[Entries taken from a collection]
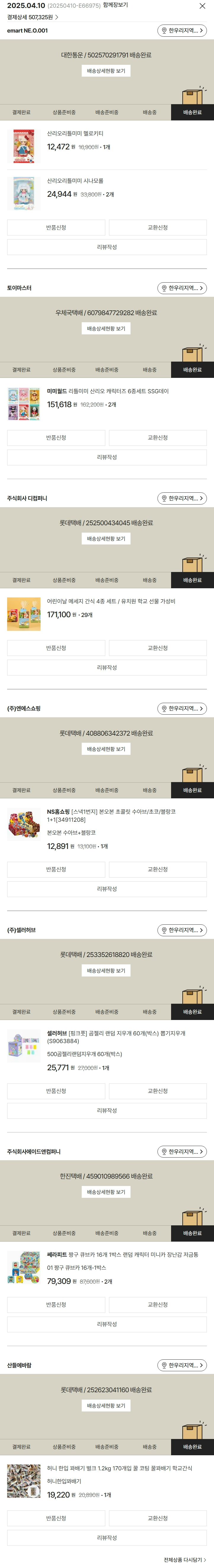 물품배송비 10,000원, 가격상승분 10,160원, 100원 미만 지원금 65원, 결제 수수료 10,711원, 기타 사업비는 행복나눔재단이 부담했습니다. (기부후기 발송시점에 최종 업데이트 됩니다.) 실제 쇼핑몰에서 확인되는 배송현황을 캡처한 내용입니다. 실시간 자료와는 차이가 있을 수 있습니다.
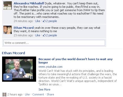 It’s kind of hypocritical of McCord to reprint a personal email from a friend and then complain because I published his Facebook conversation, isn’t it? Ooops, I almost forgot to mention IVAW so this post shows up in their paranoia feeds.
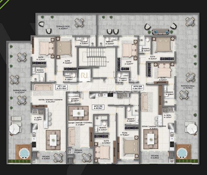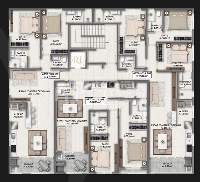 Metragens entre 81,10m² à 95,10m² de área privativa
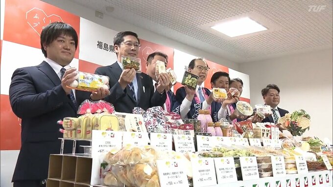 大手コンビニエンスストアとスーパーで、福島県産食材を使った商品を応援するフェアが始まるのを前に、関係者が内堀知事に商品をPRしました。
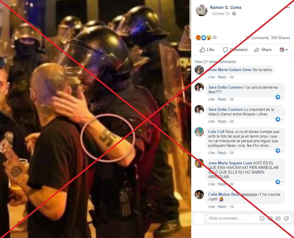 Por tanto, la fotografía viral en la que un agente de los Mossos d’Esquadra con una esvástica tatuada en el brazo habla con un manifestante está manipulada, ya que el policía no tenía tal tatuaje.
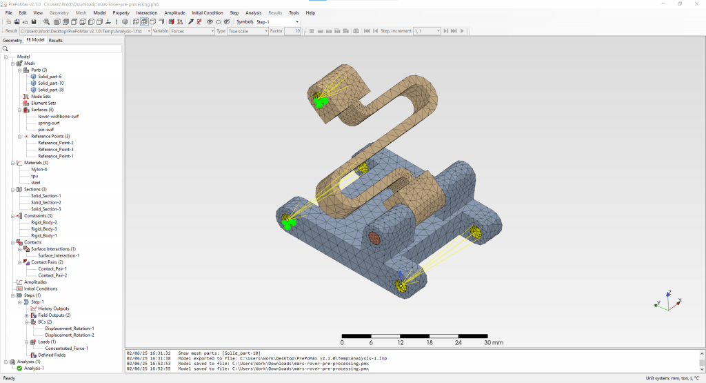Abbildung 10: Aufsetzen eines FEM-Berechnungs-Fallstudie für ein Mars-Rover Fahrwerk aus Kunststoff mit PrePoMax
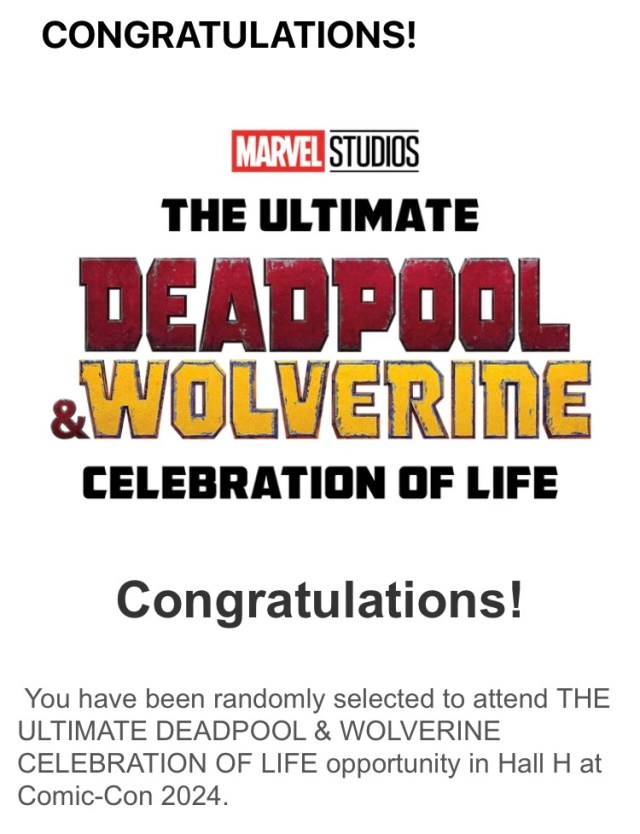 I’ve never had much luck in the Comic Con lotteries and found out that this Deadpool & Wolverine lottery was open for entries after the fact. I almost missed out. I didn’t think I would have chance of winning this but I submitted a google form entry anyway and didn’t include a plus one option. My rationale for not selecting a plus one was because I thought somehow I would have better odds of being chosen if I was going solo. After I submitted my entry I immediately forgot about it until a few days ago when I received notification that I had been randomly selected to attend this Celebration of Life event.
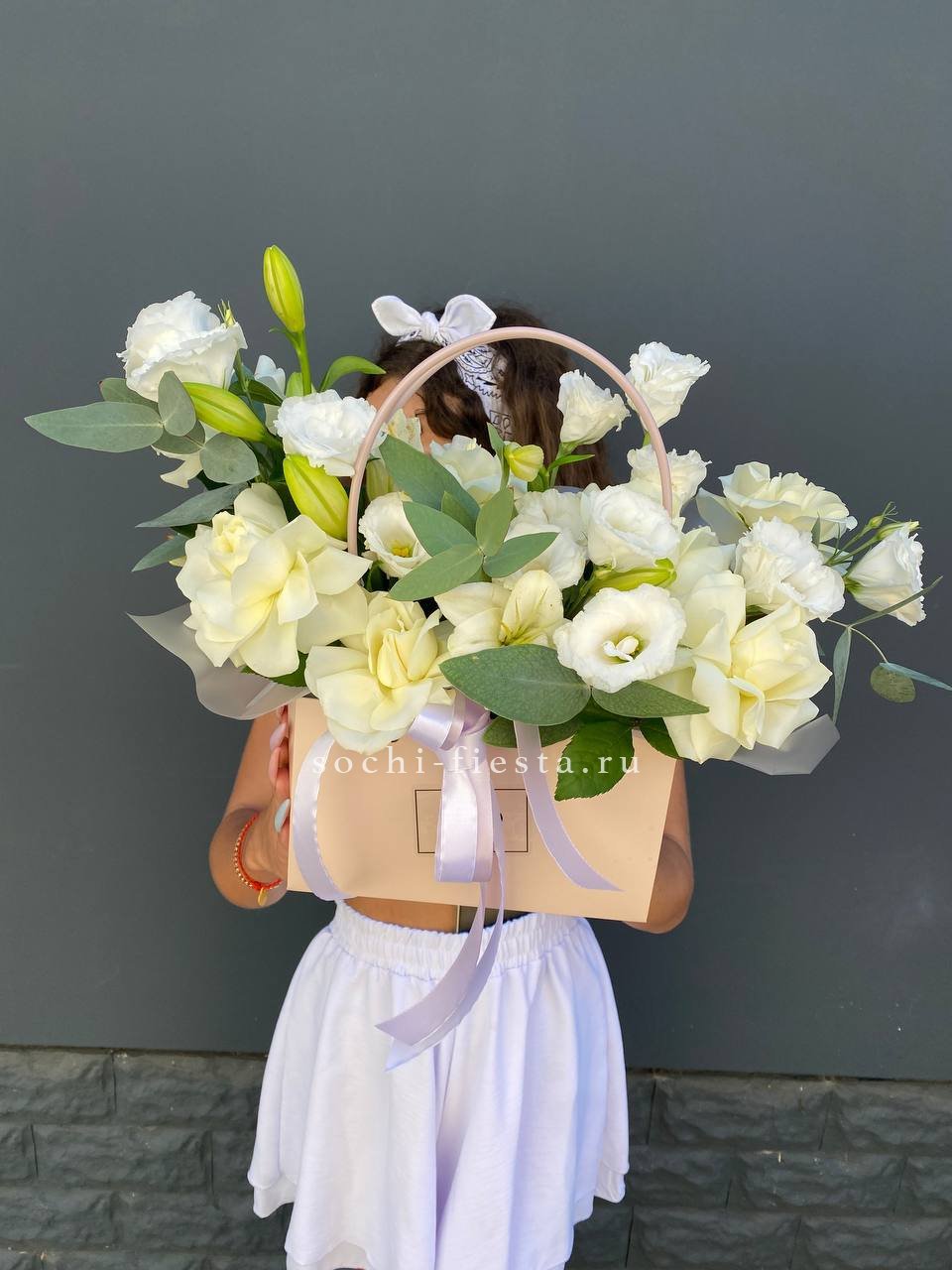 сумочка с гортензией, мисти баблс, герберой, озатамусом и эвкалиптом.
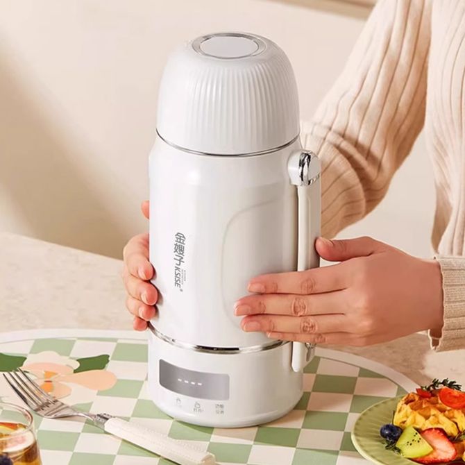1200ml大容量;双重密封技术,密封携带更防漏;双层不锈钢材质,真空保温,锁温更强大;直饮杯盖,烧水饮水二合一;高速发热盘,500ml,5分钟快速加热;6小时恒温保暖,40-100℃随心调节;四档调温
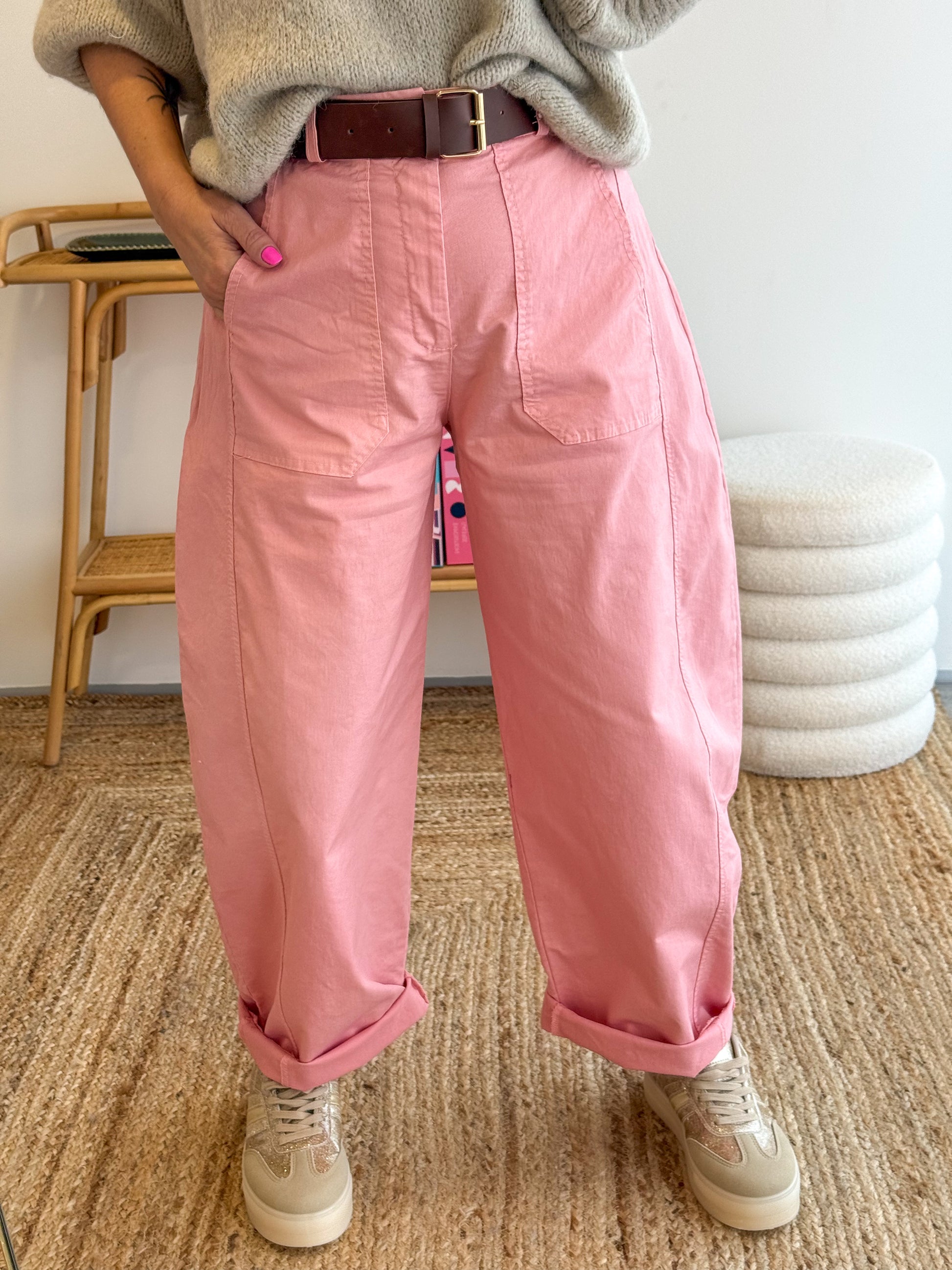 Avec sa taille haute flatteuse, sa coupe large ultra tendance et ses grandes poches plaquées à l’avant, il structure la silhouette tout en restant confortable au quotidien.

_ABOUT THIS EXERCISE:_ The records are to be duplicated in full and exactly, with images left out.

_YOUR RESPONSE:_
 물품배송비 10,000원, 가격상승분 10,160원, 100원 미만 지원금 65원, 결제 수수료 10,711원, 기타 사업비는 행복나눔재단이 부담했습니다. (기부후기 발송시점에 최종 업데이트 됩니다.) 실제 쇼핑몰에서 확인되는 배송현황을 캡처한 내용입니다. 실시간 자료와는 차이가 있을 수 있습니다.
 It’s kind of hypocritical of McCord to reprint a personal email from a friend and then complain because I published his Facebook conversation, isn’t it? Ooops, I almost forgot to mention IVAW so this post shows up in their paranoia feeds.
 Metragens entre 81,10m² à 95,10m² de área privativa
 大手コンビニエンスストアとスーパーで、福島県産食材を使った商品を応援するフェアが始まるのを前に、関係者が内堀知事に商品をPRしました。
 Por tanto, la fotografía viral en la que un agente de los Mossos d’Esquadra con una esvástica tatuada en el brazo habla con un manifestante está manipulada, ya que el policía no tenía tal tatuaje.
Abbildung 10: Aufsetzen eines FEM-Berechnungs-Fallstudie für ein Mars-Rover Fahrwerk aus Kunststoff mit PrePoMax
 I’ve never had much luck in the Comic Con lotteries and found out that this Deadpool & Wolverine lottery was open for entries after the fact. I almost missed out. I didn’t think I would have chance of winning this but I submitted a google form entry anyway and didn’t include a plus one option. My rationale for not selecting a plus one was because I thought somehow I would have better odds of being chosen if I was going solo. After I submitted my entry I immediately forgot about it until a few days ago when I received notification that I had been randomly selected to attend this Celebration of Life event.
 сумочка с гортензией, мисти баблс, герберой, озатамусом и эвкалиптом.
1200ml大容量;双重密封技术,密封携带更防漏;双层不锈钢材质,真空保温,锁温更强大;直饮杯盖,烧水饮水二合一;高速发热盘,500ml,5分钟快速加热;6小时恒温保暖,40-100℃随心调节;四档调温
 Avec sa taille haute flatteuse, sa coupe large ultra tendance et ses grandes poches plaquées à l’avant, il structure la silhouette tout en restant confortable au quotidien.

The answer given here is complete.